Эмир Кустурица - Смерть как непроверенный слух
Пока мы спускались по Скерличевой улице, марихуанное блаженство начало отпускать. Теперь уже этот тайный, блуждающий в крови эликсир вместо того, чтобы вызывать спазмы смеха, сдабривал мозг изрядными дозами паранойи. Показал я Джонни на одно окно и сказал:
- Летом в Сараево жарища адская, и улицы вроде этой пустые. Представь, средь бела дня, эту улицу - и ни души. Когда в прошлом году наступила эта июльская предгрозовая жара, кто-то из жильцов выставил на подоконник проигрыватель и колонки. И зазвучала музыка, которой никто не ожидал. Была это моцартовская «Волшебная флейта», чей звук разлился далеко по призрачно пустынной улице. Ведь люди здесь слушают Моцарта редко, разве что на атеистических похоронах. И когда кто-то на пустой улице слушает Моцарта, это означает, что он хочет освободиться от какого-то громадного напряжения; а не отдаться наслаждению гармонии с космическим порядком, подаренному нам Моцартом.
Похоже, наш гость был впечатлён этой аллегорией грядущей войны, потому что уже на следующий день у Джонни поднялась температура и он не смог встать с постели. То ли его продуло в стылом Министерстве культуры республики Босния и Герцеговина, то ли так нахлобучило Моцартом, грохочущим из окна со всей своей чарующей красотой по пустой сараевской улице, накликая войну.
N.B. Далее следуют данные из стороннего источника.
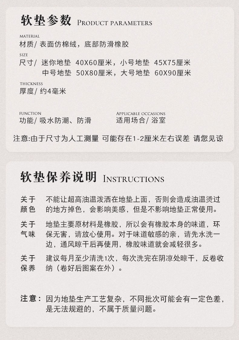 • 50*80cm(규조진흙 고무바닥)
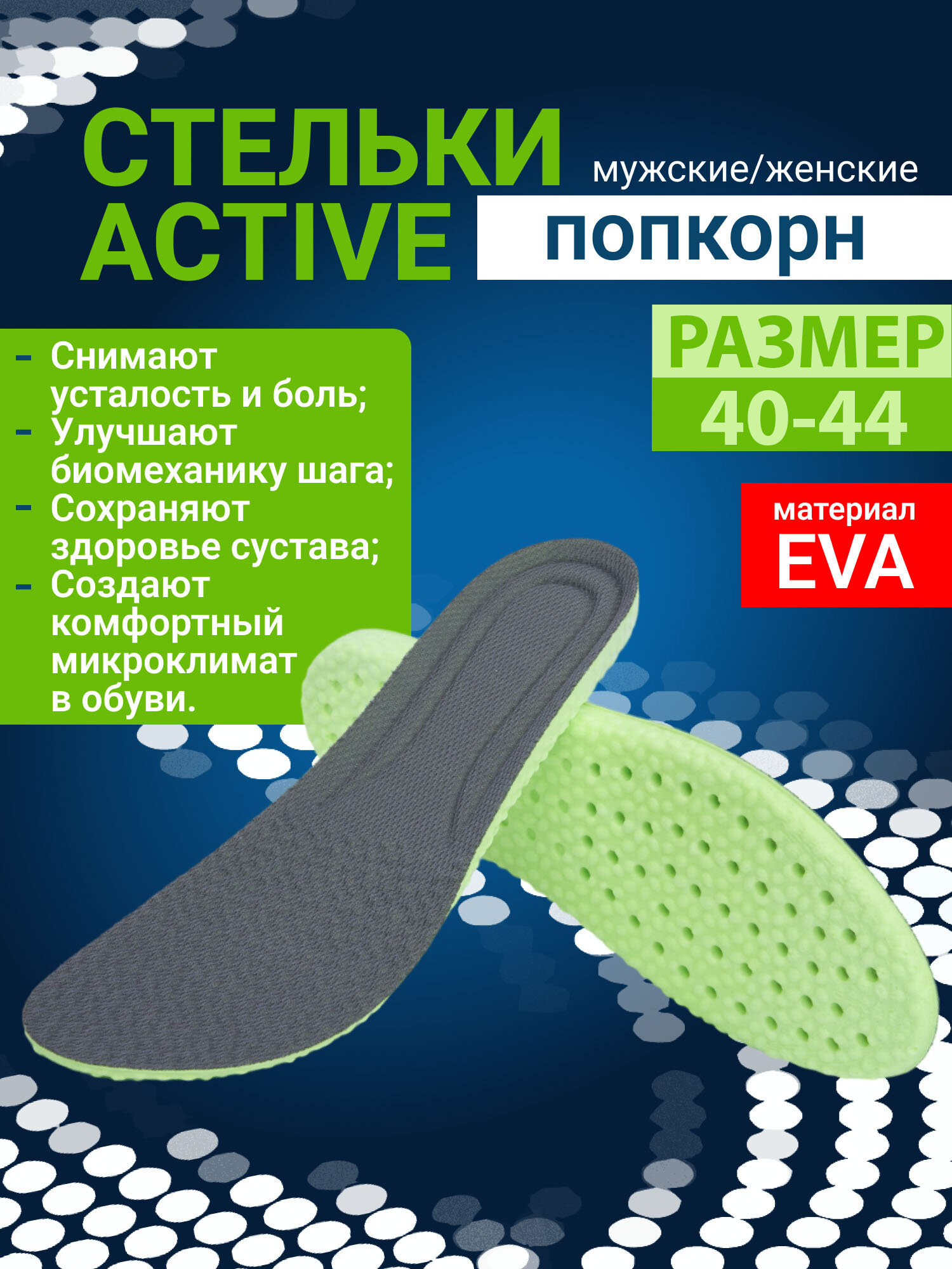 Купить Ортопедические Анатомические стельки "Popcorn" (Попкорн) Activ Для спортивной и повседневной обуви Мягкие амортизирующие дышащие р. 40-44
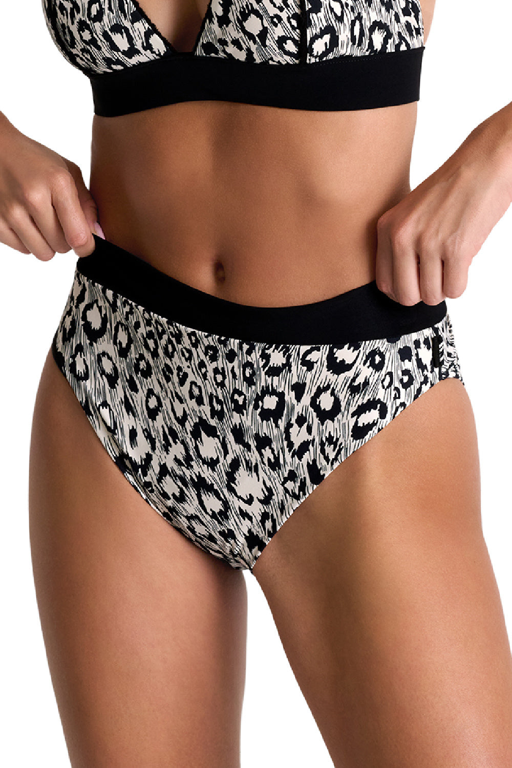 Shan Signature high-waisted bikini bottom in Leo for a retro-inspired look. Perfect for elongating the silhouette it pairs beautifully with any type of top.
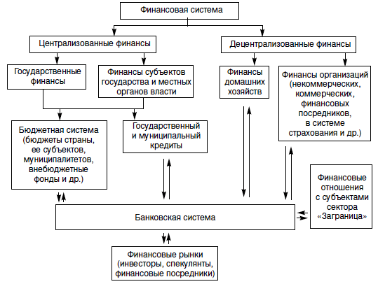 Логика приведенной схемы достаточно очевидна. На ней представлены все упоминавшиеся выше субъекты финансовых отношений, аккумулирующие фонды денежных средств и использующие их в соответствии с собственными потребностями. Поскольку в развитой рыночной экономике ни один из этих субъектов не может быть самодостаточным и/или не желает самоизоляции от других субъектов, между ними устанавливаются определенные финансовые отношения, осуществляются переливы ресурсов, в том числе и финансовых, от одного субъекта к другому. Как правило, коммерческие и финансовые операции между субъектами осуществляются через банковскую систему, которая и представлена в центре схемы.

Может, холод пробрал уважаемого гостя до костей, когда он принимал участие в протесте моих приятелей, организовавших забастовку, чтобы капиталисты не отобрали у них навсегда кафану, и это подкосило его иммунитет. Сенка смогла сбить ему температуру своим любимым лекарством. Компрессы с ракией и шиповниковый чай совершили чудо, и Джонни потом много раз вспоминал: „Your mother Senka saved my life, great woman”.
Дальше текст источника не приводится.